Outro exemplo clássico é o Green Arrow (Arqueiro Verde). Por décadas, Oliver Queen era basicamente um “Batman com arco e flecha” e um toque de Robin Hood. Ele era popular, mas não um ícone. Foi só com a lendária fase de Denny O’Neil e Neal Adams nos anos 70 que ele ganhou sua identidade de justiceiro social, e depois, com a série *Arrow* (2012-2020), que ele se tornou um nome familiar para milhões de pessoas que nunca tinham lido um quadrinho. A série, que ajudou a lançar todo o “Arrowverse”, consolidou Ollie como um líder e um herói complexo, mostrando que um bom roteiro e uma boa adaptação podem transformar qualquer um.
E não podemos esquecer da Raven! Nos *Novos Titãs* de George Pérez e Marv Wolfman, ela era a “outsider” misteriosa e sombria, mas confesso que, lendo hoje, ela era meio… antipática. Não era a “waifu” que muitos veem hoje. Sua popularidade como um A-lister, especialmente entre os mais jovens, veio quase que *inteiramente* da série animada *Os Jovens Titãs* (2003-2006). A versão da animação a tornou uma figura mais acessível, com um humor seco e um charme gótico que ressoou muito mais. Hoje, a estética dela é um dos cosplays mais populares em eventos de cultura pop, e sua personalidade nos desenhos é a que a maioria das pessoas associa à personagem.

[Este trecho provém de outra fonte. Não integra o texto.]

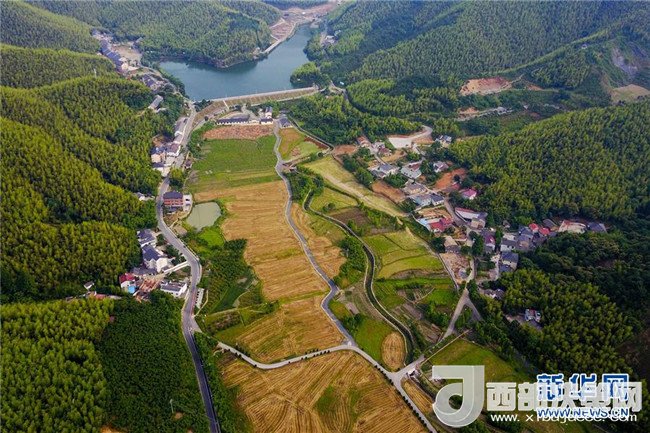 俯瞰浙江省安吉縣上墅鄉(xiāng)劉家塘村的美麗鄉(xiāng)村景色(2017年6月8日攝)。安吉縣大力開展美麗鄉(xiāng)村建設(shè),讓青山綠水成為當(dāng)?shù)?ldquo;金名片”。記者 張鋮 攝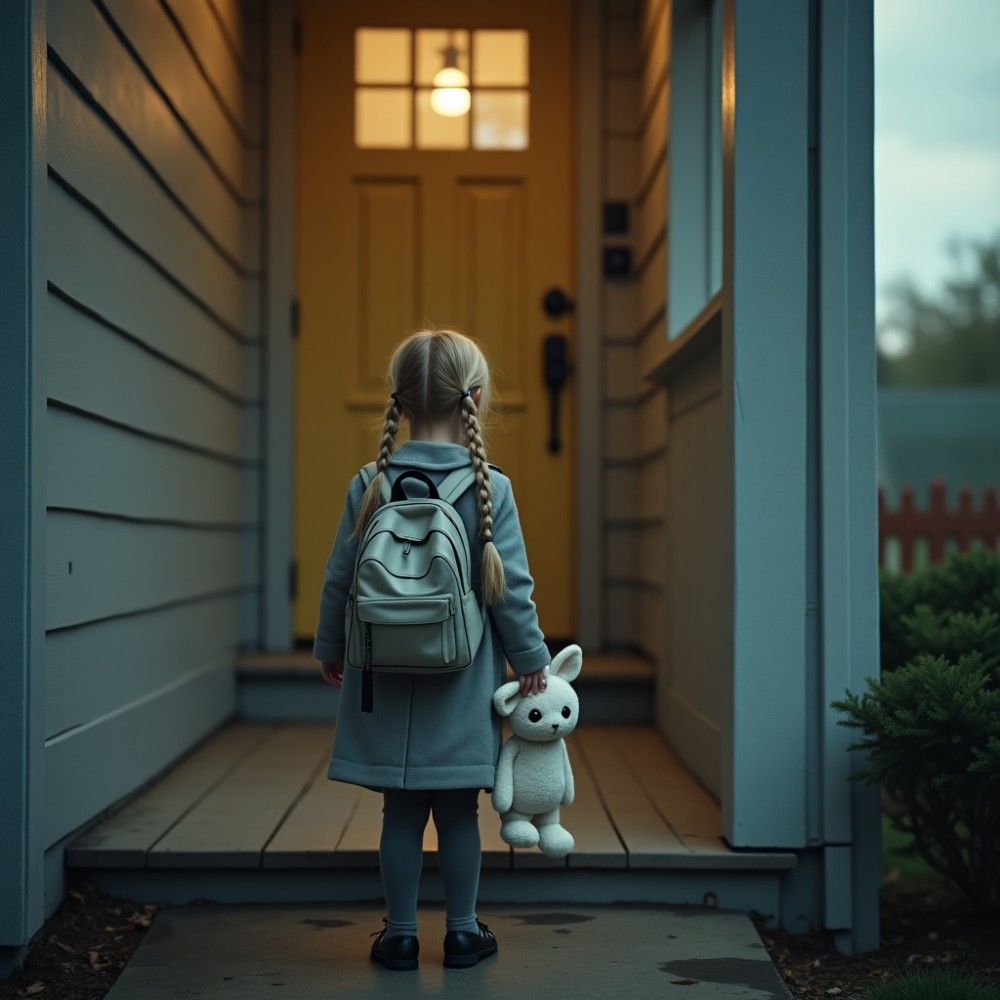 A lány nem lehetett több nyolc évesnél. Szőke haját két fonatba kötötte, a kabátja gombjai fényesen csillogtak a napfényben. A kezében egy kis plüssnyuszit szorongatott, és a kapuhoz közelebb lépve egyenesen az ajtó felé nézett.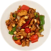 Everybody was Kung-Pao fighting! Chicken stir fried in a brown sauce w/ red & green bell peppers, onions, and peanuts.

Dick Grayson, o primeiro Robin, sempre seria popular por sua ligação com Batman. Mas ser popular como “o parceiro do Batman” é uma coisa; ser um superstar solo é outra completamente diferente. Por muito tempo, ele era “Batman e…”. Ele foi um dos fundadores dos Novos Titãs, um dos maiores sucessos da DC nos anos 80, mas ainda assim, parte de um conjunto.
A verdadeira virada de chave para Dick foi quando ele assumiu a identidade de Nightwing (Asa Noturna). Ele se libertou da sombra do Morcego, criou sua própria cidade (Blüdhaven) e sua própria mitologia. Lembro que quando sua série solo começou, a galera pirou! Era a chance de ver o Dick crescido, um herói por si só, com suas próprias regras e seu próprio estilo de luta. O que é incrível é que ele não só se manteve como Nightwing, mas também assumiu o manto de Batman em várias ocasiões (e foi uma das melhores fases do Batman, na minha humilde opinião!). Dick Grayson provou que um sidekick pode não apenas “se formar”, mas se tornar uma lenda independente, com uma base de fãs apaixonada que o segue por onde quer que ele vá. É a prova de que o legado pode ser construído e reinventado.
A DC Comics, com sua rica história, continua a nos surpreender, mostrando que nem sempre os holofotes estão nos personagens mais óbvios. Seja por uma nova série, um roteirista visionário ou uma adaptação que captura a essência de um jeito novo, o universo pop está sempre em expansão, e novos A-listers podem surgir a qualquer momento, do lugar mais inesperado. E você, qual desses heróis “inesperados” é o seu favorito?